Автобус тем временем выбрался из-под земли и покатил среди ровных домиков северного Амстердама и его ближних пригородов. Деревня… Да вообще, годится ли тут такое слово? В основном — пастбища, разгороженные канальчиками с мостиками вместо ворот. Редкие крестьянские усадьбы и вовсе ни на что не похожи: чистенькие домики, по фасаду каменные львы или вазы игрушечного размера, а с заднего двора или пастбища в двух метрах поодаль глядят толстые мохнатые овцы, раз в двадцать крупнее каменных львов. И тут же роскошная машина, а то и две.
И ни клочка земли под пустырь! И ни одного строения, от которого не шла бы безупречная лента асфальта, вливающаяся у самых ворот в узкое шоссе и через десяток километров — в скоростную автостраду. Будет ли так когда-нибудь в России? Невозможно поверить.

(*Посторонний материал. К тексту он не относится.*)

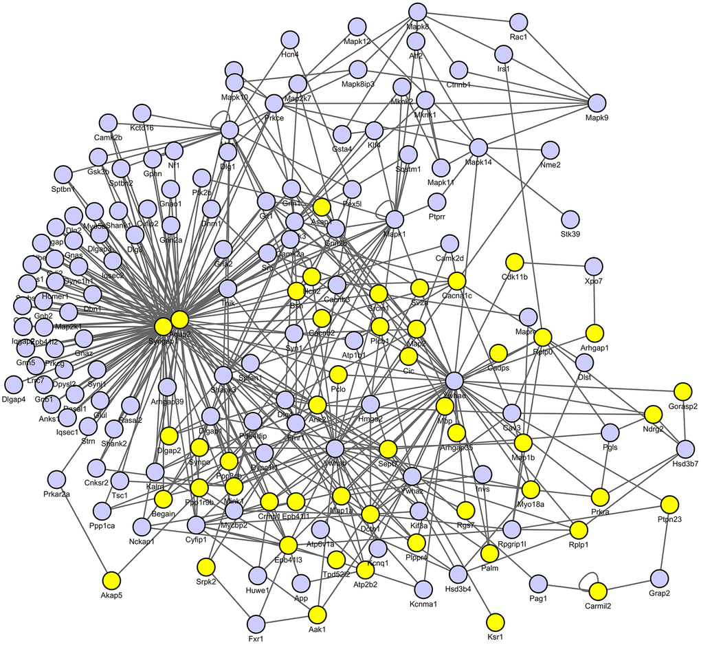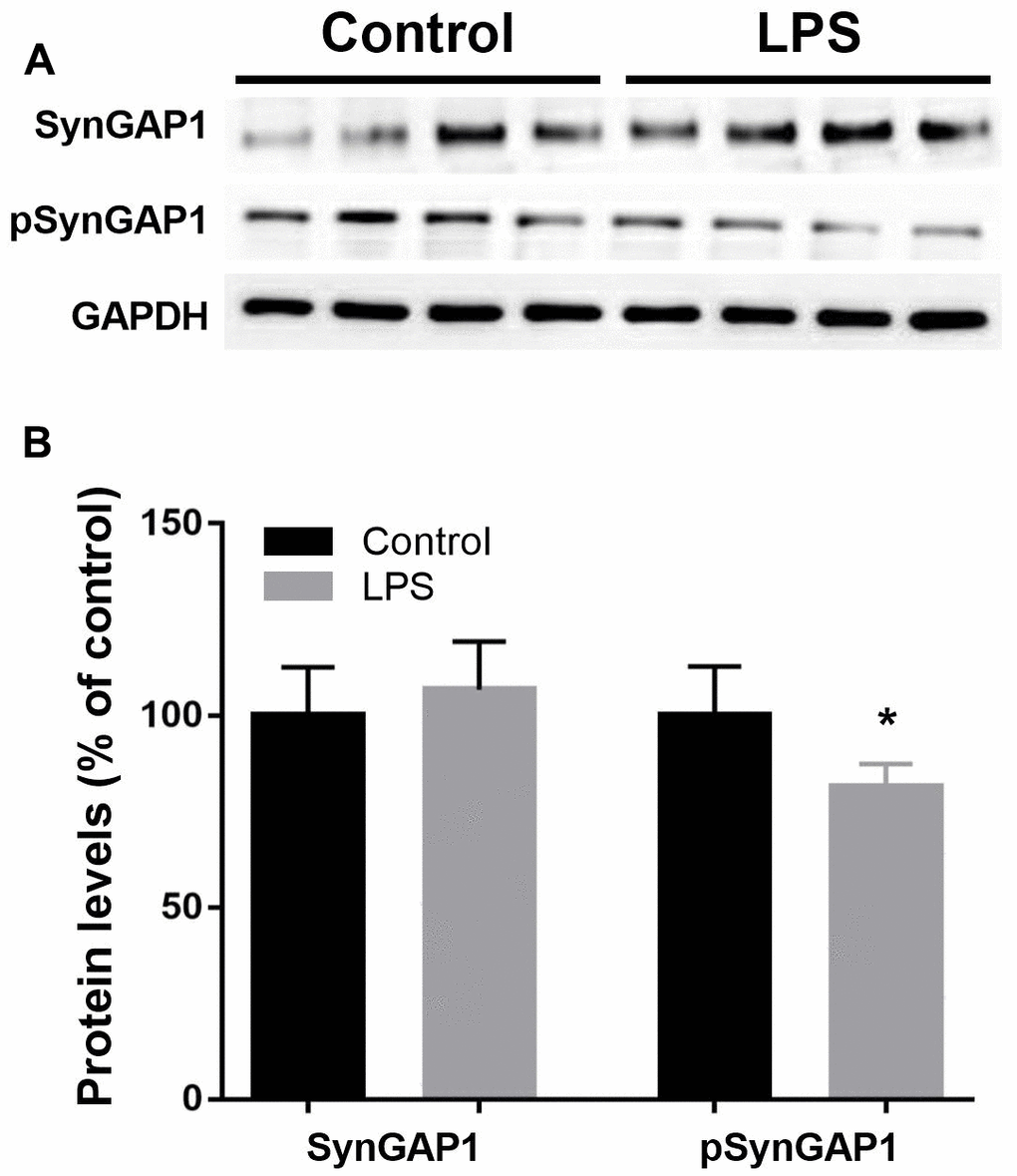 Next, we constructed pathological protein–protein interaction (PPI) networks based on significantly changed phosphoproteins. As shown in Figure 5, nodes indicate proteins with increased or decreased phosphorylation and the proteins directly connected to the altered proteins in the PPI database (blue). In particular, we detected SynGAP1 is among the hub of synaptic plasticity. To further verify the reliability of the iTRAQ results, we examined SynGAP1 and pSynGAP1 levels using the western blot approach (Figure 6). Although SynGAP1 was not affected (t = 0.7615, P = 0.4725), we showed that pSynGAP1 in the hippocampus was significantly decreased in LPS-exposed mice (t = 2.632, P = 0.039), suggesting the iTRAQ results in the present study were reliable.

— Саша, а тебе, что нравится в Голландии?
— Знаешь, я тоже не раз задавал себе этот вопрос. Ведь для чего-то я тут задержался, в конце концов! Ну… есть вещи, которые лежат на поверхности. Тут, конечно, жить сытнее, ничего не скажешь. Но если бы только это, я бы давно сбежал. Еще тут все очень четко и просто.
— Что ты имеешь в виду?
— Супермаркеты. Нет, серьезно. Ты же бывала в России?
— Да, три раза.
— Ты ходила в наши магазины?
— Да, иногда ходила.
— В обычные, за сосисками?
— Очень мало, с русской подругой. Я знаю, это было сложно. Не всегда было товара, потом надо запоминать цену, идти в кассу, называть ее, потом стоять очередь к прилавку и давать чек. Это очень странная система. Неудобно.
— А теперь сравни: супермаркет. Поняла?
— У вас скоро тоже будет цивилизованный рынок. Саша, но при чем тут ты? Ты живешь здесь из-за супермаркетов? Это не может быть правда.
— Да нет, это ерунда, я эти сосиски самые там, в Москве, только так лопал. Были бы сосиски. Я о другом. Понимаешь, у вас все общество такое: пришел, выбрал, заплатил. И — пользуйся.
— Это капитализм, Саша. Это все за счет духовности. Когда так в супермаркете, я согласна. Но у нас же так во всех аспектах, и это ужасно.
— Это удобно, Машка, понимаешь? Меня никто не грузит, я живу сам по себе, как хочу. Я никому ничего не должен. Я свободен.
— Это не свобода, Саша. Но я пока не умею этого объяснить.
— Да что ты, Машка, я тоже понимаю, духовность, Достоевский, я сам Чехова запоем читал, и до сих пор читаю. Я только за. Но меня всю дорогу грузили: ты должен, должен, должен… Одним — делать вид, что строю коммунизм, другим — кукиш власти в кармане показывать, третьим — изображать интеллигентного мальчика из хорошей семьи. А здесь — никому и ничего. Вот ты студентка, в скором будущем — элитный специалист, а я лимита, прости за выражение, и мы вместе. И никого не колышет! Понимаешь, это здорово.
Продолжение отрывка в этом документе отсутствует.